- [INPUT DATA]:
━━━

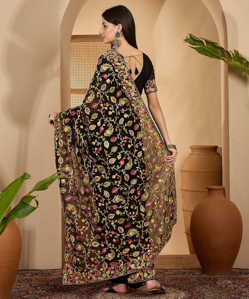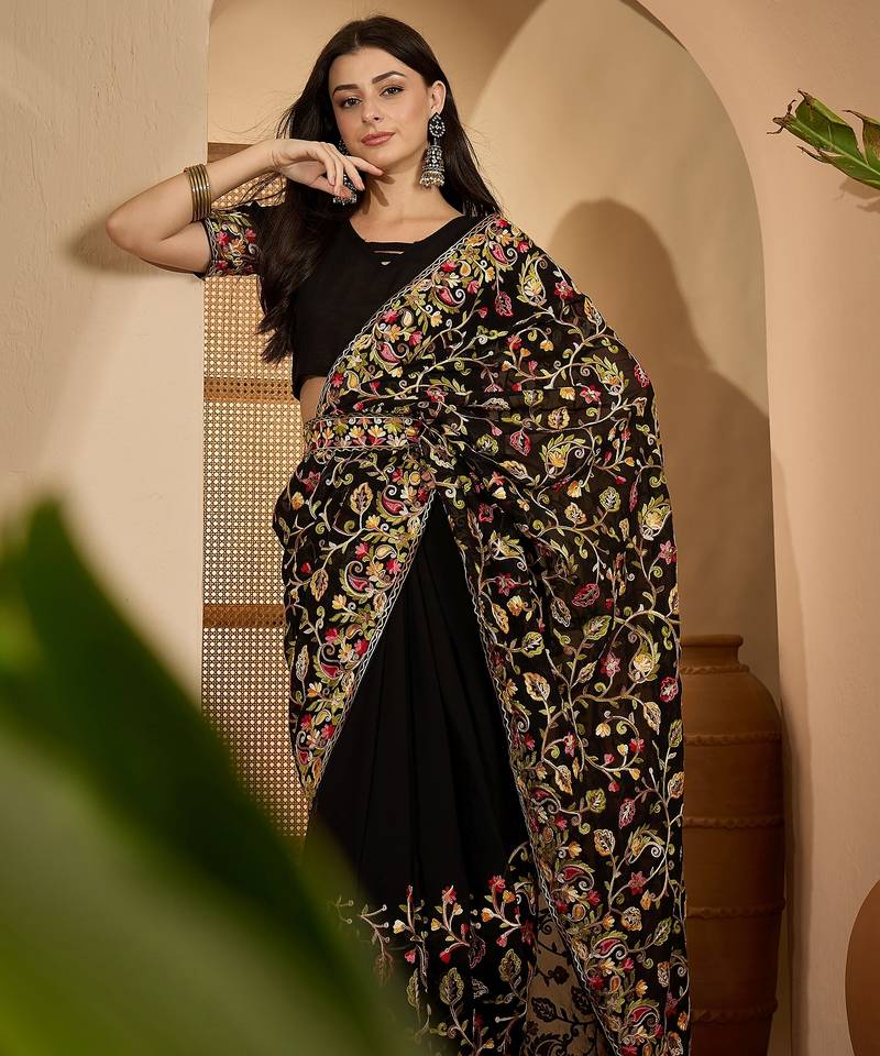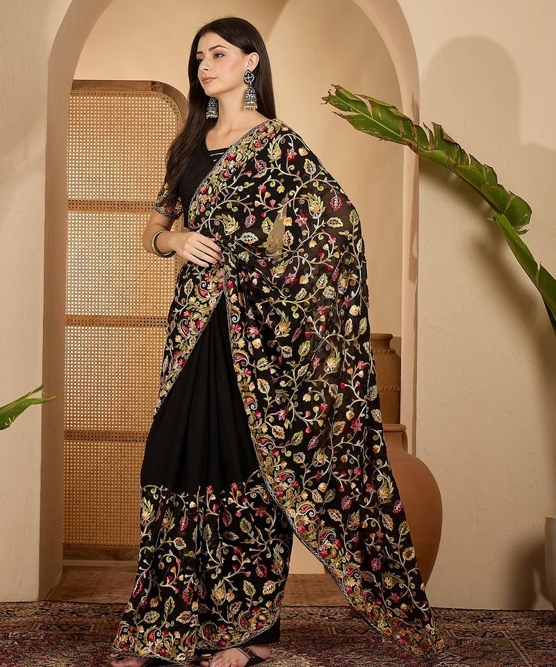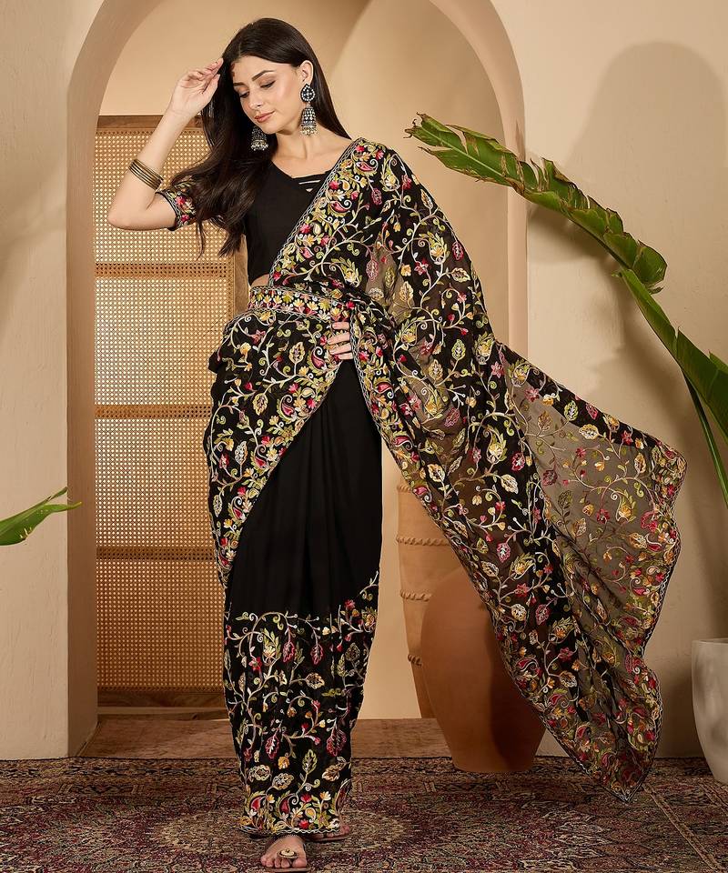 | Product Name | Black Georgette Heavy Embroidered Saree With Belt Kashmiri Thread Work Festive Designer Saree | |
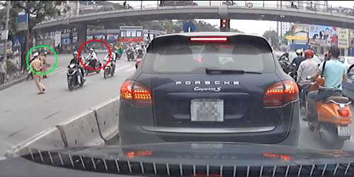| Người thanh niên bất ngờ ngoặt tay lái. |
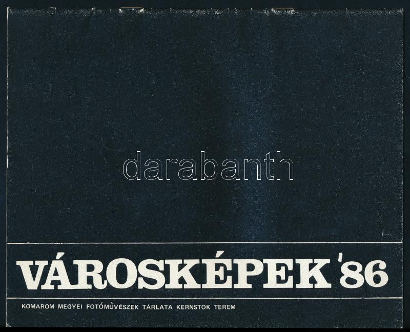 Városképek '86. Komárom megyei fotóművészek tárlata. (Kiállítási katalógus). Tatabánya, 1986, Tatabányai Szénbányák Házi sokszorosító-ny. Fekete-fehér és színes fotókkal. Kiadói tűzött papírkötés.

━━━

- [TASK]:
Your reply should consist solely of the lines from the one containing "ngoặt tay lái. |" through the last line of the material, reproduced exactly and without pictures.

- [REPLY]:
| Người thanh niên bất ngờ ngoặt tay lái. |
 Városképek '86. Komárom megyei fotóművészek tárlata. (Kiállítási katalógus). Tatabánya, 1986, Tatabányai Szénbányák Házi sokszorosító-ny. Fekete-fehér és színes fotókkal. Kiadói tűzött papírkötés.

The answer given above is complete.